Top 100 One-gram words, Top 50 two-gram words, Top 10 three-gram words

library(wordcloud)

textplot_wordcloud(DFM_Corpus, comparison = FALSE, max_words = 300,
                   color = brewer.pal(8, "Dark2"))

textplot_wordcloud(DFM_Corpus_2Gram, comparison = FALSE, max_words = 50,
                   color = c("blue", "red"))

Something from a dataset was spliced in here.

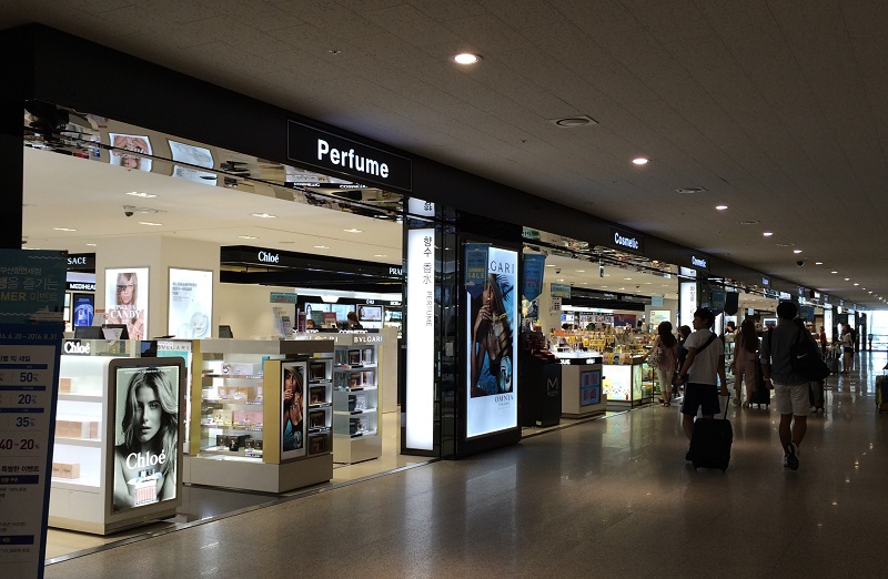 規模は小さく、香水や化粧品など免税店の定番商品が主で品ぞろえも限られている感じがしました。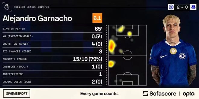 对阵埃弗顿的68分钟里,加纳乔“兑现”了质疑:数据层面,21岁的他错失3次重大机会(本赛季英超第4位单场做到这一点的球员),4脚射门无一射正;对抗0胜出,32次触球里仅6次在埃弗顿禁区。

textplot_wordcloud(DFM_Corpus_3Gram, comparison = FALSE, max_words = 10,
                   color = c("blue", "red"))

Conclusion

Based on the baplot we can determine the top 5 words that have been used frequently in the datasets are “just”,“like”,“will”,“one”,“can”. Wordcloud plots showcased higher usage of a few two-gram and three-gram words as such “cant_wait”,“right_now”,“last_night”,“dont_know”,“cant_wait_see”,“happy_mothers_day”,“happy_new_year” etc. This text analysis concludes my initial effort to discover the text patterns of three datasets.

Future roadmap

This exploratory data analysis laid the foundation for my future work related to the capstone project. My next plan is to gather more insight on different R packages like OpneNLP, Rweka,Quanteda which could be beneficial to analyze the data and build a predictive model for this NLP task. I will also start exploring the process to build a shiny app that could leverage some of the key text mining packages and will be useful for the text mining purposes. Furthermore, the data will be classified into test and training dataset. Training data will be used to analyze the text pattern and build the algorithm. Test data will be used to validate the algorithm at the final stage of this project. Validation result and performance matrix of the algorithm will be documented and presented accordingly.